We incorporate a spectrum of strategies that meet people where they are ― on their own terms, and may serve as a pathway to additional health and social services, including additional prevention, treatment, and recovery services.
Harm reduction works by addressing broader health and social issues through improved policies, programs, and practices.
The U.S. is experiencing the most significant substance use and overdose epidemic it has ever faced, exacerbated by the recent worldwide pandemic, and driven by the proliferation of highly potent synthetic opioids (containing fentanyl or fentanyl analogs) and animal tranquilizers (like xylazine) into many types of drugs (including stimulants and counterfeit prescription pills).
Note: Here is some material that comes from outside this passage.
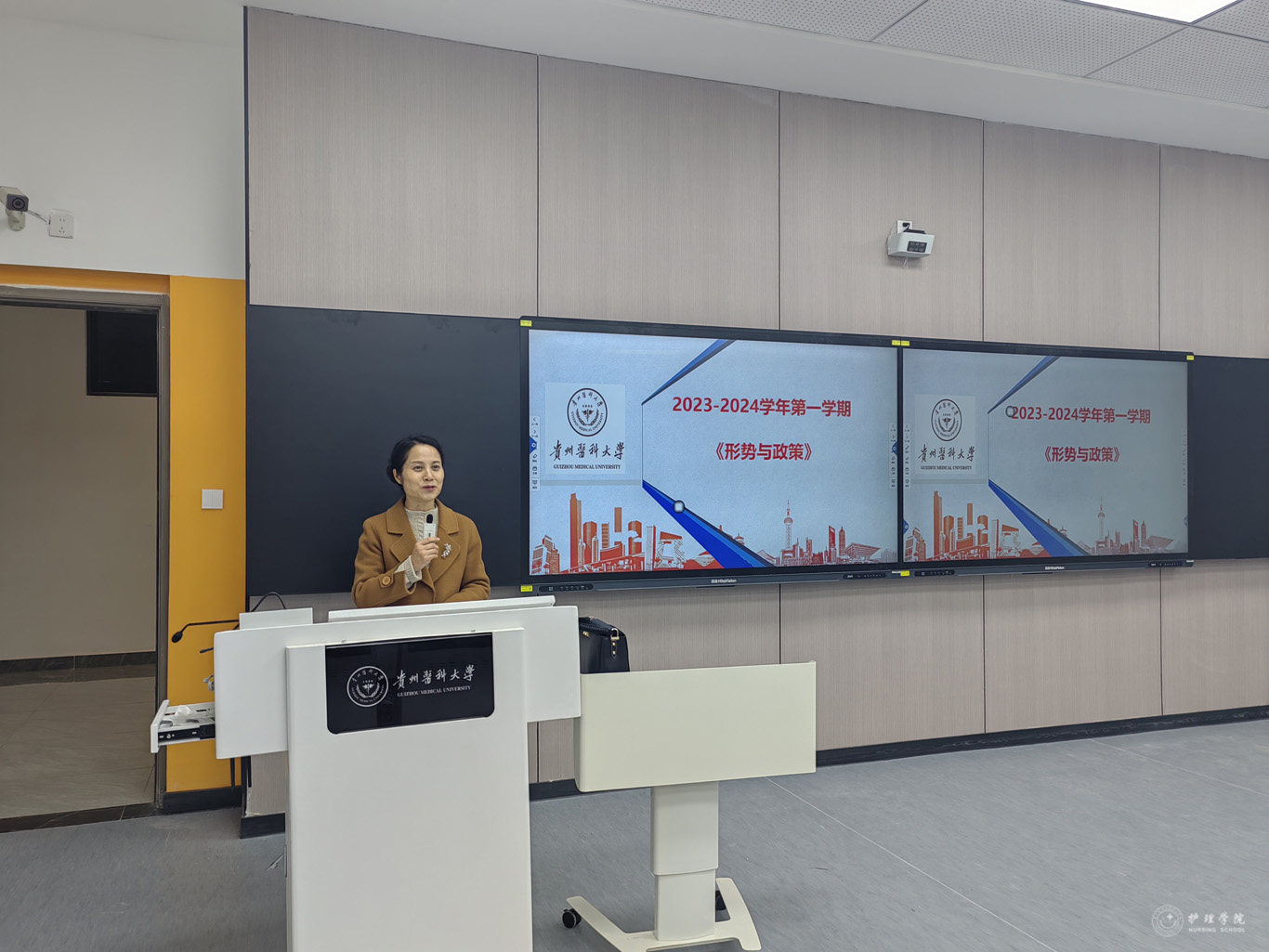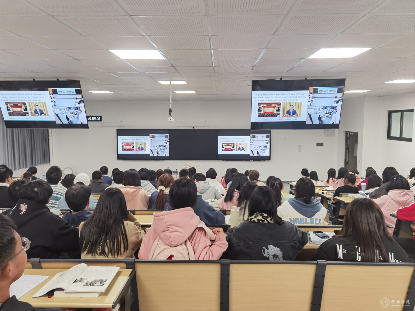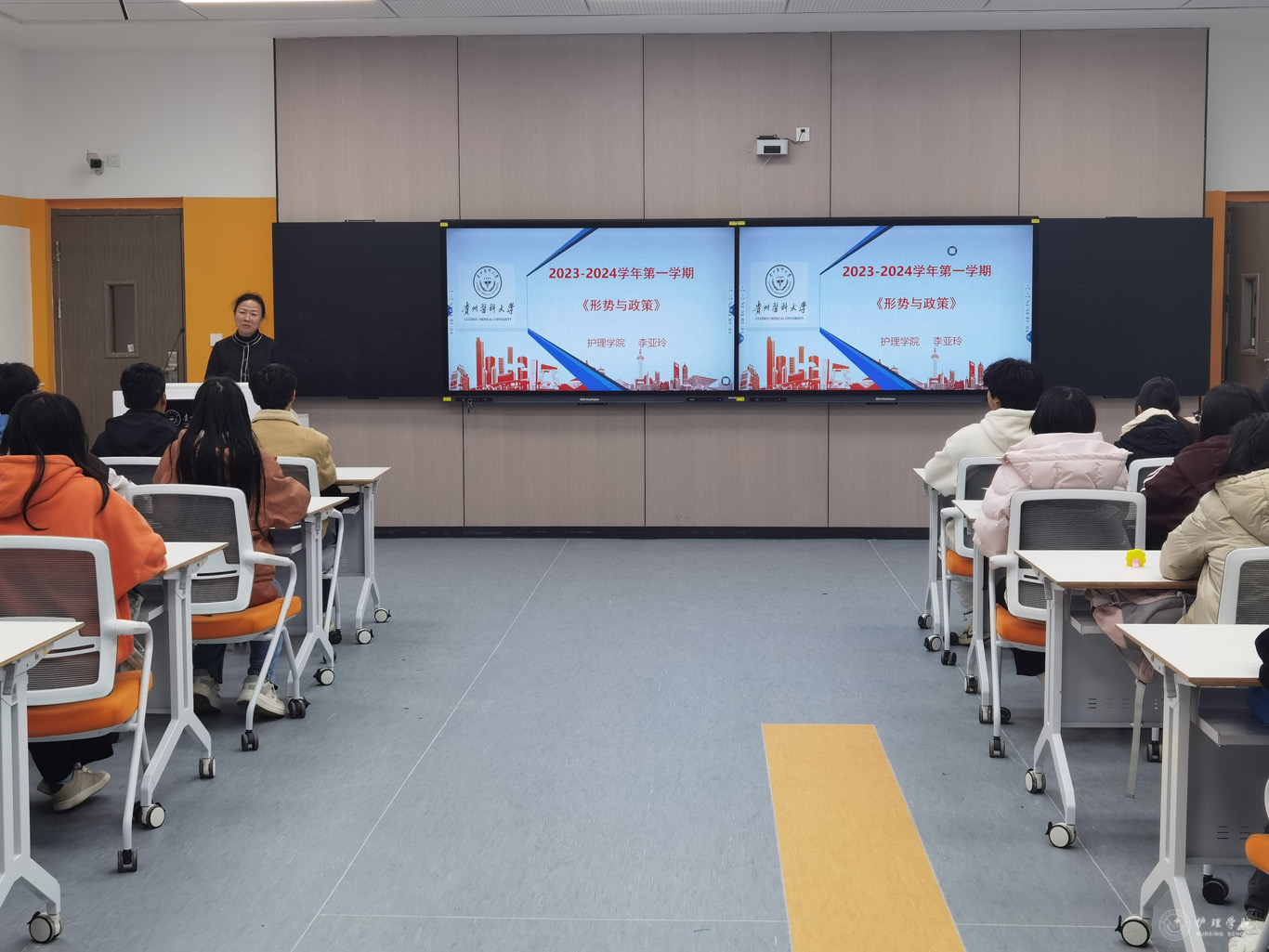 11月29日,为深入学习宣传贯彻党的二十大精神,进一步加强大学生思想政治教育工作,美加墨世界杯官方网站党委书记杨英、院长李亚玲以“读懂新时代党解决台湾问题的总体方略”为主题,在云漫湖校区基础组团L104S、L106S教室通过现场教学及云端课堂直播相结合的方式为美加墨世界杯官方网站2023级护理学和助产学全体学生讲授形势与政策课。

There were more than 100,000 drug-involved overdose deaths in 2023.
Harm reduction offers an opportunity to reach people who aren’t otherwise accessing healthcare services ― and offer them naloxone to reverse an overdose, and help connect them to other needed services. As an example, treatment services (such as medications for opioid use disorder) can be co-located with harm reduction services and offered as an option.
This potential connection to treatment is critical, when the data show that:
Harm reduction organizations can fill that gap ― by providing services that people do feel they need, in order to make positive change.
Harm reduction services save lives by being available and accessible in a manner that emphasizes the need for humility and compassion toward people who use drugs. Harm reduction plays a significant role in preventing drug-related deaths and increasing access to healthcare, social services, and treatment. These services decrease overdose fatalities, acute life-threatening infections related to unsterile drug injection, and chronic diseases (such as HIV and hepatitis C).
It is ideal to implement overdose education and naloxone delivery (OEND) programs at syringe services programs. (Most studies that demonstrate OEND’s effectiveness focus on programs that deliver OEND services directly to people who use drugs.) Naloxone distribution at syringe services sites has been found to significantly reduce death rates. Scaling these efforts is a priority strategy to achieving adequate availability of (and access to) naloxone.
Harm reduction is part of a comprehensive prevention strategy and the continuum of care. Harm reduction approaches have proven to prevent death, injury, disease, overdose, and substance misuse. Harm reduction is effective in addressing the public health epidemic involving substance use as well as infectious disease and other harms associated with drug use.
As an approach, harm reduction emphasizes kindness and autonomy in the engagement of people who use drugs. It also increases the number of touchpoints (and opportunities) that peers and/or service providers have with people who use drugs.